● Exercise inputs:
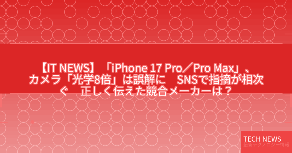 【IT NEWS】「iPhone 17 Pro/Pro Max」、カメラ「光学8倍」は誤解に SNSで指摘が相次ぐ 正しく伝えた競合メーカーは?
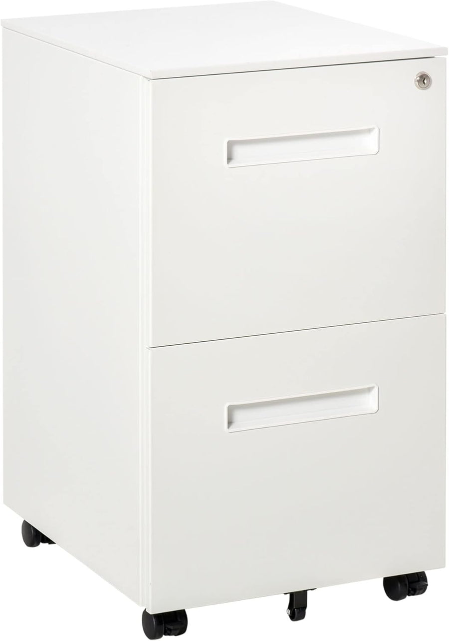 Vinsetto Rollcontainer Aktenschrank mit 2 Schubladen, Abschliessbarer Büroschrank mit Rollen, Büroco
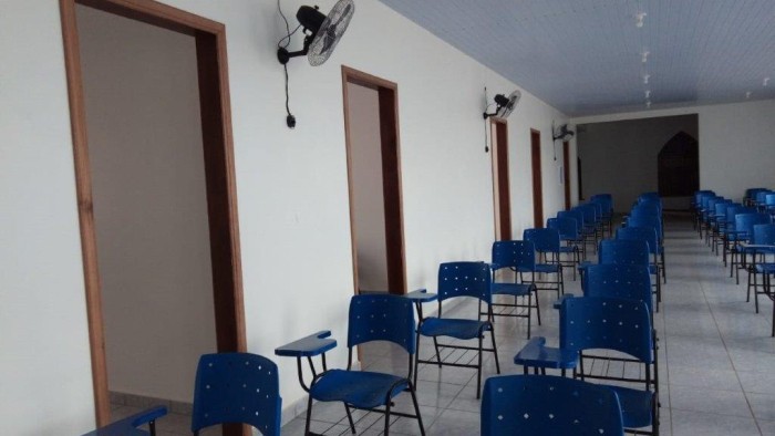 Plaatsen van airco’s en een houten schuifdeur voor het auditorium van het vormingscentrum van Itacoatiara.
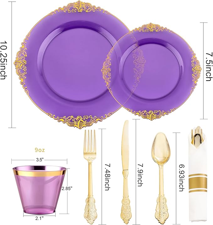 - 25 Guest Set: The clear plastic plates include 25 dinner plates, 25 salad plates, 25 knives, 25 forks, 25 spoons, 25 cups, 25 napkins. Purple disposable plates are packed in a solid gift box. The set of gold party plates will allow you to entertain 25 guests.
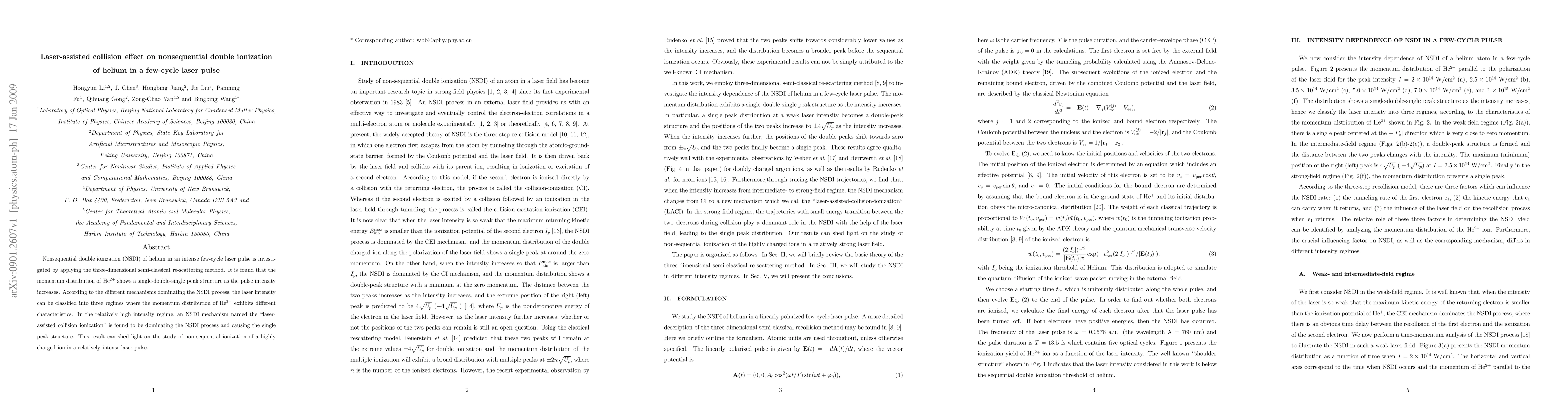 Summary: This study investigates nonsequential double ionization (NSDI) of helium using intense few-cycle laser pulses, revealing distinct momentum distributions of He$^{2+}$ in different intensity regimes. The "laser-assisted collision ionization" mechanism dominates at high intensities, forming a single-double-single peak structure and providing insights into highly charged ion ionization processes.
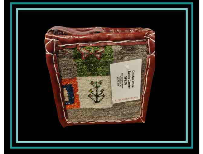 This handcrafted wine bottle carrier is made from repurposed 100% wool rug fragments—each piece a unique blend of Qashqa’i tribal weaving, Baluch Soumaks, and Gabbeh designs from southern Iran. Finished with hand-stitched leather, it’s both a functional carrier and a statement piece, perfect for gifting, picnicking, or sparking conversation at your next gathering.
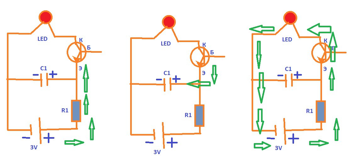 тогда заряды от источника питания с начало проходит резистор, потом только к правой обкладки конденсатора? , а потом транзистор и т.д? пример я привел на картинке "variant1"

● Task statement: Return each line above word for word. Skip the pictures.

● Task solution:
 【IT NEWS】「iPhone 17 Pro/Pro Max」、カメラ「光学8倍」は誤解に SNSで指摘が相次ぐ 正しく伝えた競合メーカーは?
 Vinsetto Rollcontainer Aktenschrank mit 2 Schubladen, Abschliessbarer Büroschrank mit Rollen, Büroco
 Plaatsen van airco’s en een houten schuifdeur voor het auditorium van het vormingscentrum van Itacoatiara.
 - 25 Guest Set: The clear plastic plates include 25 dinner plates, 25 salad plates, 25 knives, 25 forks, 25 spoons, 25 cups, 25 napkins. Purple disposable plates are packed in a solid gift box. The set of gold party plates will allow you to entertain 25 guests.
 Summary: This study investigates nonsequential double ionization (NSDI) of helium using intense few-cycle laser pulses, revealing distinct momentum distributions of He$^{2+}$ in different intensity regimes. The "laser-assisted collision ionization" mechanism dominates at high intensities, forming a single-double-single peak structure and providing insights into highly charged ion ionization processes.
 This handcrafted wine bottle carrier is made from repurposed 100% wool rug fragments—each piece a unique blend of Qashqa’i tribal weaving, Baluch Soumaks, and Gabbeh designs from southern Iran. Finished with hand-stitched leather, it’s both a functional carrier and a statement piece, perfect for gifting, picnicking, or sparking conversation at your next gathering.
 тогда заряды от источника питания с начало проходит резистор, потом только к правой обкладки конденсатора? , а потом транзистор и т.д? пример я привел на картинке "variant1"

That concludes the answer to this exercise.